= Trellis-Owl =

Defunct programming language

Trellis/Owl, or simply Owl, (Note: The editor for a later collection of papers introduces the language stating "The base language is Trellis (originally called Trellis/Owl, hence DOWL where the D stands for Distributed)..." This appears to be a typo or confusion on the part of the author. "DOWL" is short for "distributed Owl", not "distributed Trellis", and all DEC documentation states Trellis is the development environment.) is a defunct object-oriented programming language created by Digital Equipment Corporation. It was part of a programming environment, Trellis. It ran on the OpenVMS operating system.

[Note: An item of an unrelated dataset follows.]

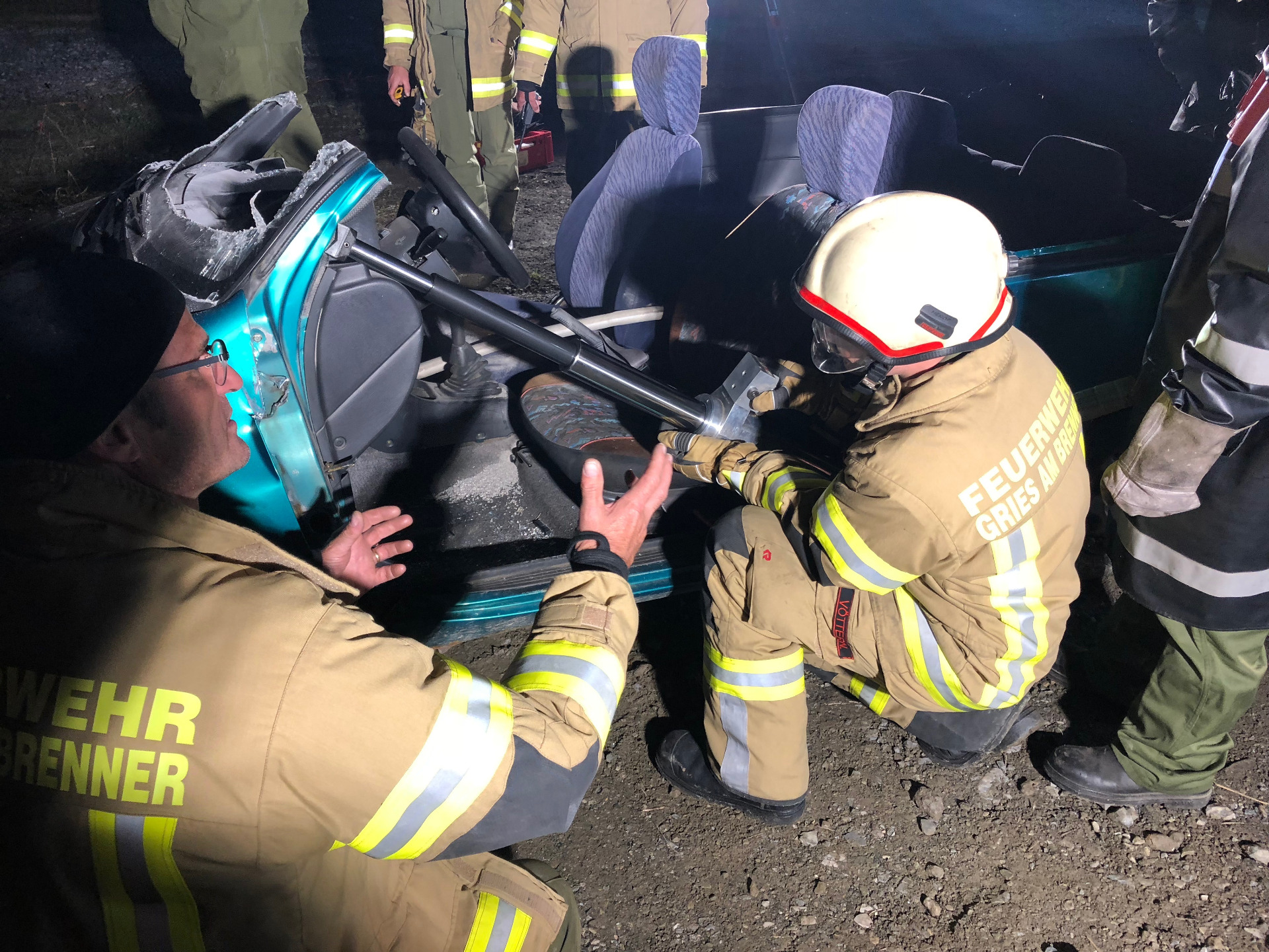 Die erste Herbstprobe 2018 fand am Dienstag den 02.10.2018 in Lueg statt. OLM Leiter Dietmar organisiert diese fordernde Übung. Beim Eintreffen am Unfallort wurden zwei Szenarien vorgefunden. Zum einen ein PKW Unfall mit einer eingeklemmten Person und zum anderen eine vermisste Person. Nachdem die Unfallstelle abgesichert war, wurde sofort mit der Ausleuchtung begonnen um ein vernünftiges Arbeiten zu ermöglichen. Die Mannschaft vom Tankfahrzeug baute im Anschluss unter schwerem Atemschutz den doppelten Brandschutz auf. Währenddessen bereitete die Mannschaft vom LFB-A alles für den technischen Einsatz vor. Eine weitere Mannschaft begann unterdessen mit der Suche der vermissten Person, diese konnte auch rasch gefunden und in Sicherheit gebracht werden. Als das verunfallte Fahrzeug gesichert war, wurde mittels Bergeschere die Beifahrertüre entfernt und die eingeklemmte Person gerettet. Anschließend wurde das Fahrzeug geborgen. Nun wurden noch verschiedene Techniken im Umgang mit dem hydraulischen Rettungsgerät sowie das richtige Entfernen von Scheiben geübt. Bei dieser Übung konnte viel Wissen unter sehr realistischen Bedingungen vermittelt werden. Die Feuerwehr Gries am Brenner bedankt sich bei Dietmar Leiter für die Durchführung dieser interessanten Übung.

Trellis/Owl differed from contemporary languages in several ways. For one, it did not use dot notation for method calls on objects, and used a traditional functional style instead, which they referred to as operations. Operations were supported by the concept of a controlling object, the first parameter in the function call, which indicated which class was being referred to. Whereas most OO languages of the era might have a myStringVariableToPrint.print() method, in Trellis/Owl this would be print(myStringVariableToPrint), and the print method of the class String would be called based on a string being the first parameter. Trellis/Owl also supported properties, which they referred to as components. Trellis/Owl also included a system allowing the easy creation of iterators, using the yields keyword to replace returns in the definition of an operation. yields indicates the operator will return a series of values instead of one.